Data entries:
= Beginning of Section =

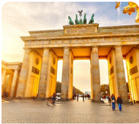
Berlin Guided Panoramic Tour

These are just a few of the very special hand selected inclusions that will really make your touring experience exceptional and unique, and don't forget, with Albatross they are always included.
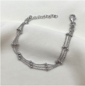
CHEERFUL TRIO B557S | £20
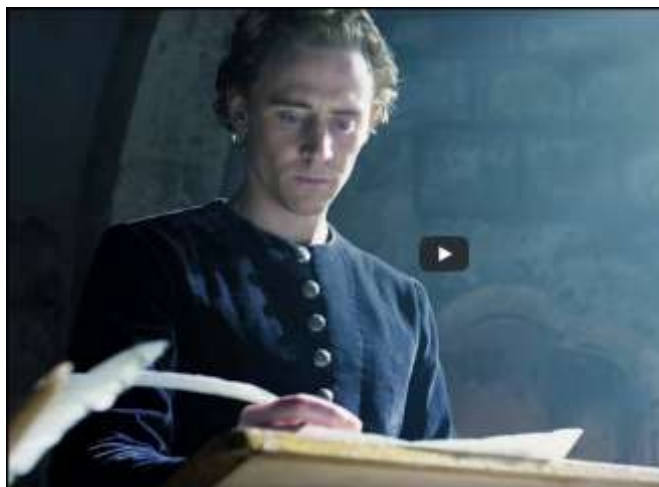
Listen to Tom Hiddleston read Invictus

It matters not how strait the gate, How charged with punishments the scroll, I am the master of my fate, I am the captain of my soul.
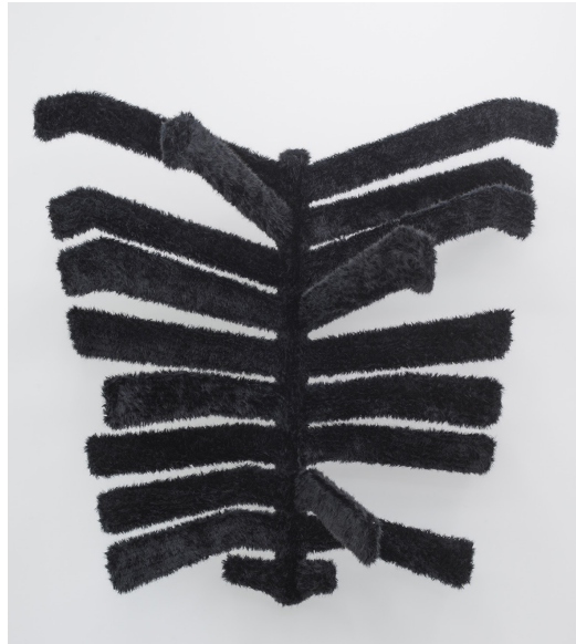
Exhibition details The social elevator turned to a weather vane then confined Galerie Jocelyn Wolff, Paris, 2016
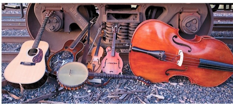
The Blue Mullet

Bluegrass band will be in concert here at the James P Nix Center on Thursday December 13 at 2:00 playing great bluegrass standards and holiday favorites. This event is free and open to the public.
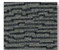
Drift NDZ Storm E
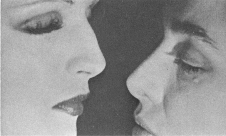
The Death of Maria Malibran

coincides neatly with the film that is Willow Springs : with funds for a film about Marilyn Monroe Schroeter set out for Los Angeles to make the film; there, however, “everything was too obvious” and Schroeter made instead Willow Springs , a film in which, as I’ve been indicating the spectre of Marilyn Monroe as the epitome of a cinematic type might be considered part of the polemic. Schroeter’s outright detour from Hollywood here in order to explore the less obvious is indeed what best characterizes his early films; and by way of this detour Schroeter has been able to examine and exhibit crucial questions about the constitution of the filmic spectator and the representation of the cinematic subject, questions that would certainly never occur in a Hollywood film such as Altman’s Three Women .
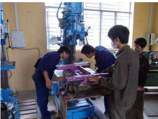
Photo 13: Conscientiously work boys. The eye issue is still not good.
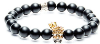
Yellow Gold Skull 8mm
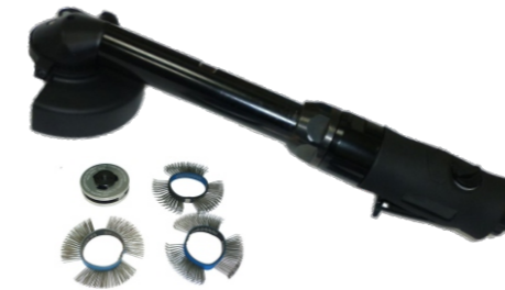
4" Extended Air Rust Removal Tool 1HP/745W
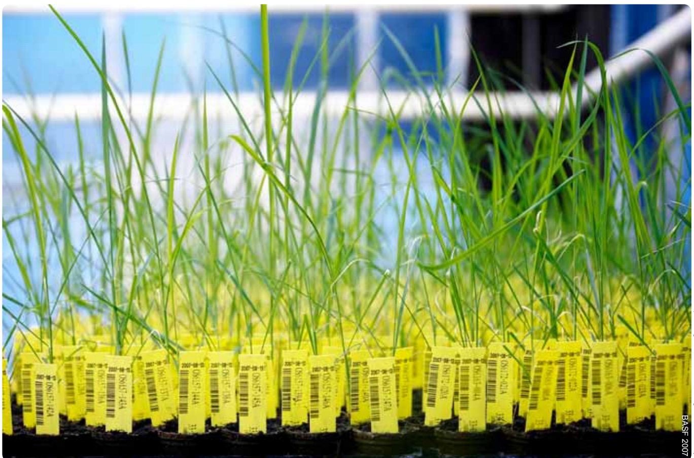
Crop Design - The fine art of gene discovery BASF 2007

The UK Government provides a striking example of this technological approach, but it is not the only one. The Gates Foundation is also focussed on technological solutions for agriculture, and is particularly supportive of biotechnology. A recent analysis of its grants database found that between 2005 and 2011 the Gates Foundation spent US$162 million on projects that included genetic modification (GM) technologies, such as drought tolerant maize, maize with improved nitrogen efficiency, crops with increased levels
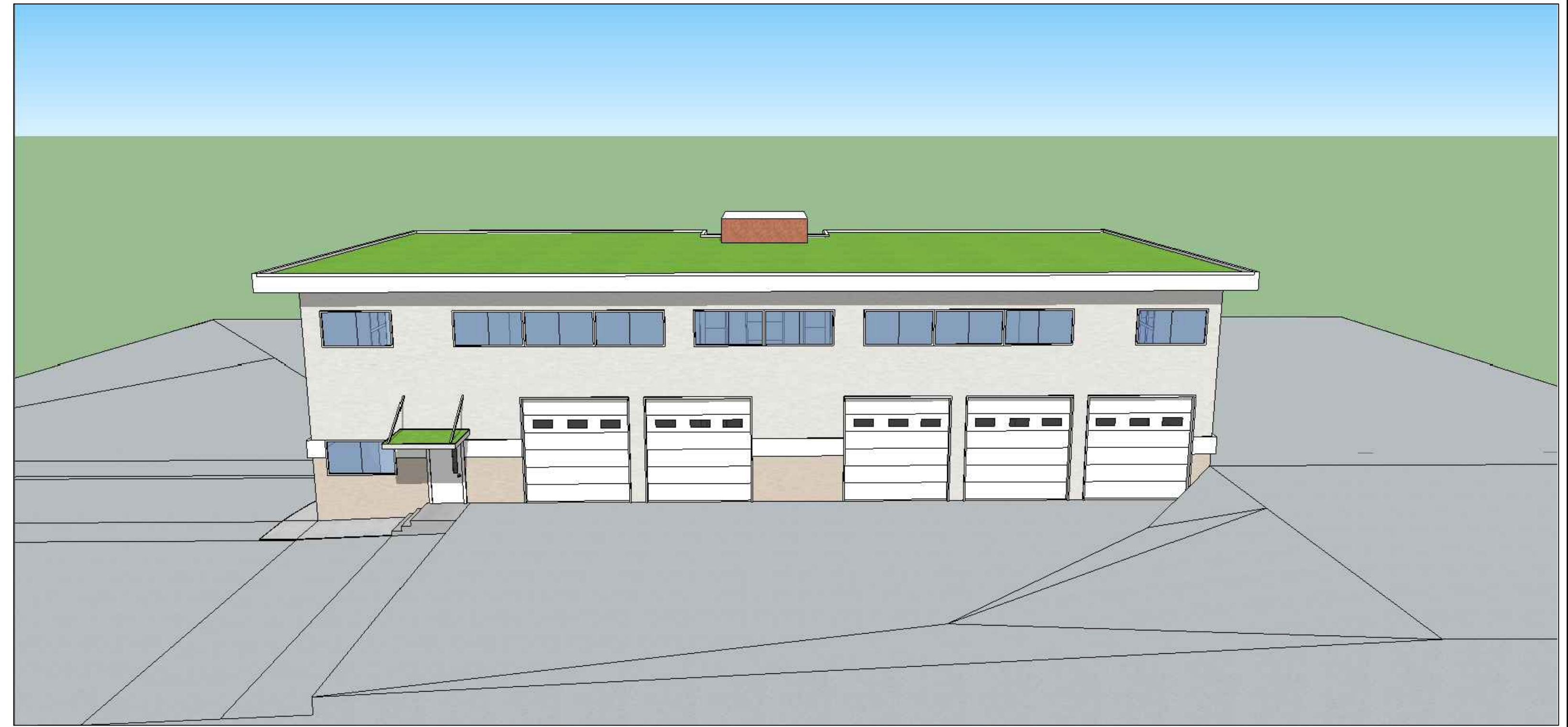
2 SOUTH ELEVATION A3
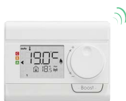
Optional RF remote control
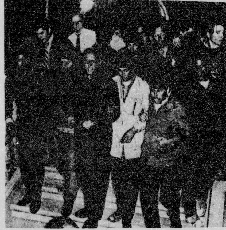
OCCUPY STATE ASSEMBLY BUILDING - Madison, Wis.: Father James Groppi (third from left) leads welfare demonstrators from the state capitol. Some 300 demonstrators occupied the Wisconsin state assembly building for nearly ten hours before leaving peacefully. Governor Warren Knowles earlier had ordered units of the Wisconsin National Guard to the capitol.
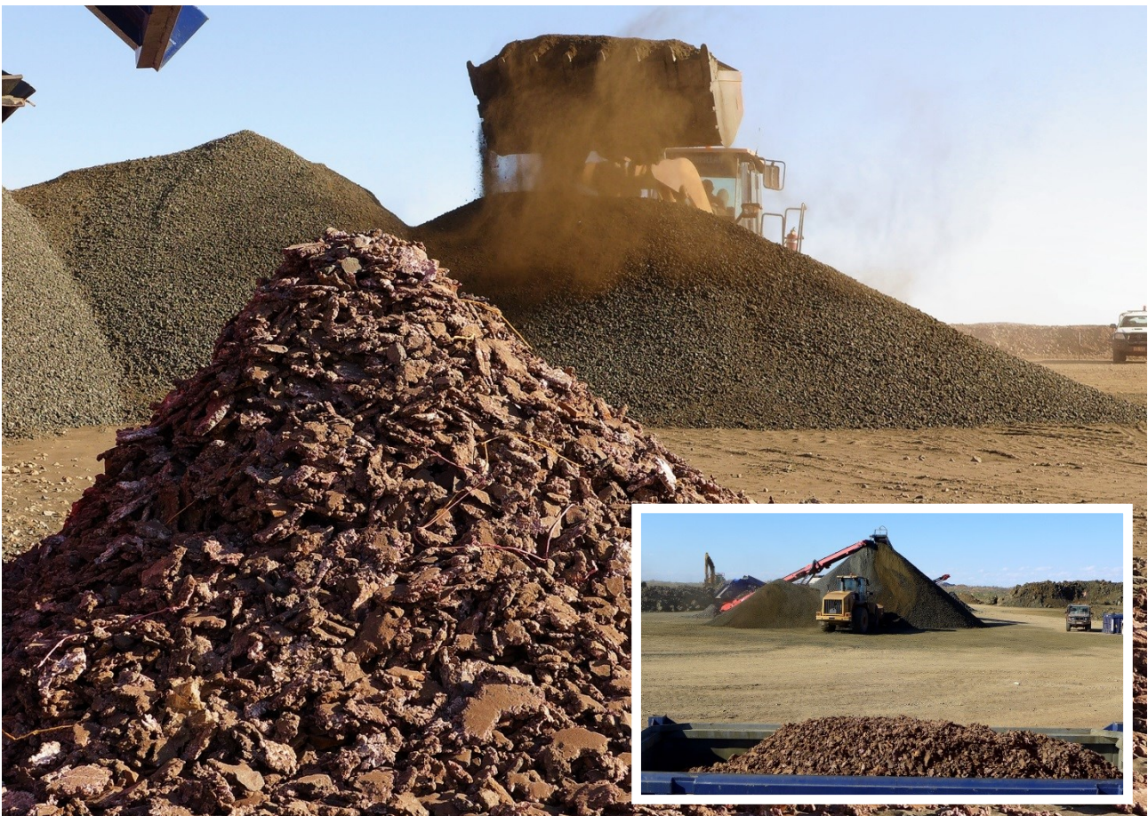
Figure 3: High-grade DSO (+40mm) scalped off the crusher screens. Predominately native copper (99.65% Cu), with minor cuprite (88.8% Cu) and chalcocite (79.9% Cu) and various supergene copper species. Inset; crushed product under the -40mm conveyors and +40mm scalped native copper DSO product in containers in foreground.
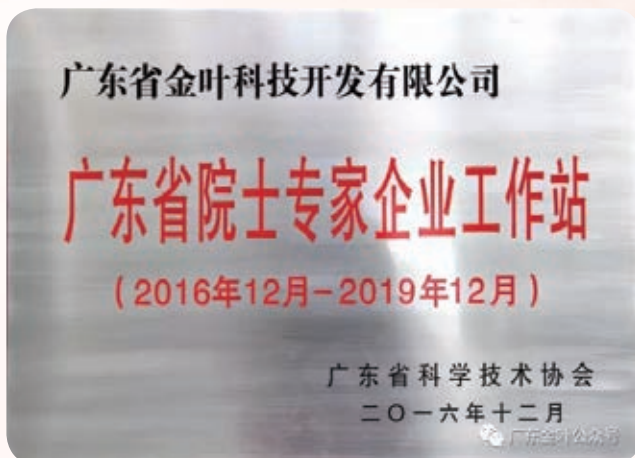
Guangdong Jinye was accredited as "Guangdong Province Academician Expert Enterprise Workstation"

報告期內，廣東金葉被廣東省科學技術協會授予「廣東省院士專家企業工作站」榮譽稱號，彰顯了廣東金葉在企業技術創新方面的強大實力，對該公司持續掌握再造煙葉行業核心技術，鞏固行業科技領先地位將起到重要作用。
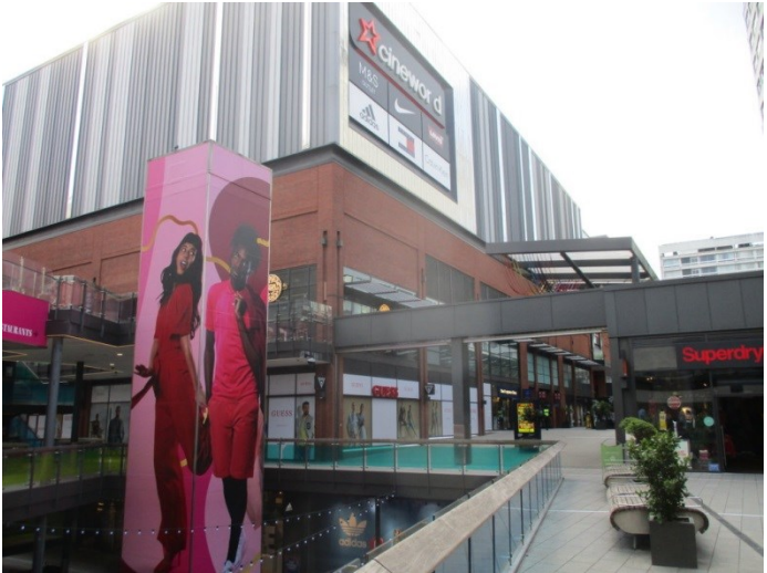
London Designer Outlet, London (UK) Realm Outlet Centre Management

= End of Section =

> _REQUIREMENT_
From the records above, copy each line that contains the word "included".

> _TASK RESULT_
These are just a few of the very special hand selected inclusions that will really make your touring experience exceptional and unique, and don't forget, with Albatross they are always included.
The UK Government provides a striking example of this technological approach, but it is not the only one. The Gates Foundation is also focussed on technological solutions for agriculture, and is particularly supportive of biotechnology. A recent analysis of its grants database found that between 2005 and 2011 the Gates Foundation spent US$162 million on projects that included genetic modification (GM) technologies, such as drought tolerant maize, maize with improved nitrogen efficiency, crops with increased levels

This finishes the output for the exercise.